Waiver of Defenses in Guaranty Prevented Guarantor From Asserting Affirmative Defenses to Guaranty's Enforcement
John Lundin
Trusted business advisor and litigator; authority on practice in the New York State courts, and, in particular, the Commercial Division.
In the past week, Schlam Stone & Dolan LLP's Commercial Division Blog has posted on a number of issues, including the March 31, 2021, decision by the Second Department in Capital One Taxi Medallion Fin. v. JEB Mgt. Corp., 2021 NY Slip Op. 01960, holding that the waiver of defenses in a guaranty prevented the guarantor from asserting affirmative defenses to the guaranty's enforcement, explaining:
On a motion for summary judgment to enforce a written guaranty, all that the creditor need prove is an absolute and unconditional guaranty, the underlying debt, and the guarantor's failure to perform under the guaranty. Here, the plaintiff established its prima facie entitlement to judgment as a matter of law through its submission of the loan agreements, the guaranties, and evidence that the defendant failed to make payment in accordance with the terms of those instruments. Once the plaintiff establishes, prima facie, its entitlement to judgment as a matter of law, the burden shifts to the defendant to establish, by admissible evidence, the existence of a triable issue with respect to a bona fide defense.
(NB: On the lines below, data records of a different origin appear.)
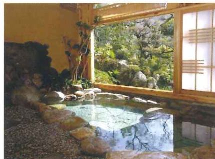
古湯・熊の川温泉
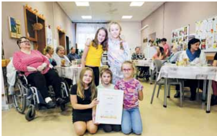
Děti ukázaly svá ocenění také přímo seniorům Centra sociálních služeb, kam za nimi pravidelně dochází.

PROSTĚJOV Tak je to potvrzeno. Máme u nás nejšikovnější děti České republiky. Žáci školní družiny ZŠ v ul. Dr. Horáka na tento titul mají dokonce diplom. Získali ho díky nominaci v soutěži Zlatý oříšek. Už předtím děti jely do Prahy, aby v nádherných prostorách Staroměstské radnice převzaly cenu za Dětský čin roku, jejichž patronkou se letos stala zpěvačka a herečka Petra Černocká. To vše se jim podařilo na základě dlouholeté a velmi intenzivní i nápadité spolupráce dětí se seniory z Centra sociálních služeb v Lidické ulici.
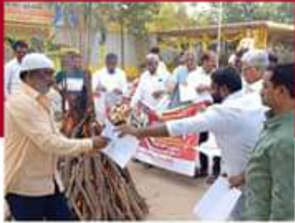
అన్నారంలో ప్రభుత్వ జీవోలు రహితం చేస్తున్న కార్యకర్తలు

The Supreme Court properly determined that the defendant waived the defenses to the enforcement of the guaranties. The guaranties contained an absolute, continuing and unconditioned guaranty of payment in which the defendant agreed to remain liable even where he would otherwise be entitled to an equitable or legal discharge of his obligations. Moreover, the guaranties provided that the defendant would remain liable for Obligations of Borrower created or arising before termination and all renewals extensions, refinancings and other Liablities arising out of same. By their terms, the guaranties were absolute and unconditional and foreclosed the defendant from raising the defenses of collusion and fraudulent inducement. In any event, the defendant failed to demonstrate the existence of a triable issue with respect to these defenses.
(Internal quotations and citations omitted).
Other posts included:
On April 1, 2021, the First Department issued a decision in Boesky v. Levine, 2021 NY Slip Op. 02059, holding that the continuous representation doctrine saved a legal malpractice claim from being time-barred.
On April 1, 2021, the First Department issued a decision in Kim v. Francis, 2021 NY Slip Op. 02072, dismissing an appeal for failure to provide proof of service of the record and appeal brief.
On April 1, 2021, the First Department issued a decision in Levin v. Salvini, 2021 NY Slip Op. 02074, holding that incidental beneficiaries to a contract cannot bring third-party beneficiary claims.
On April 13, 2021, the First Department issued a decision in Atsco Footwear Holdings, LLC v. KBG, LLC, 2021 NY Slip Op. 02235, holding that an account stated defense defeated a claim based on the alleged miscalculation of payments.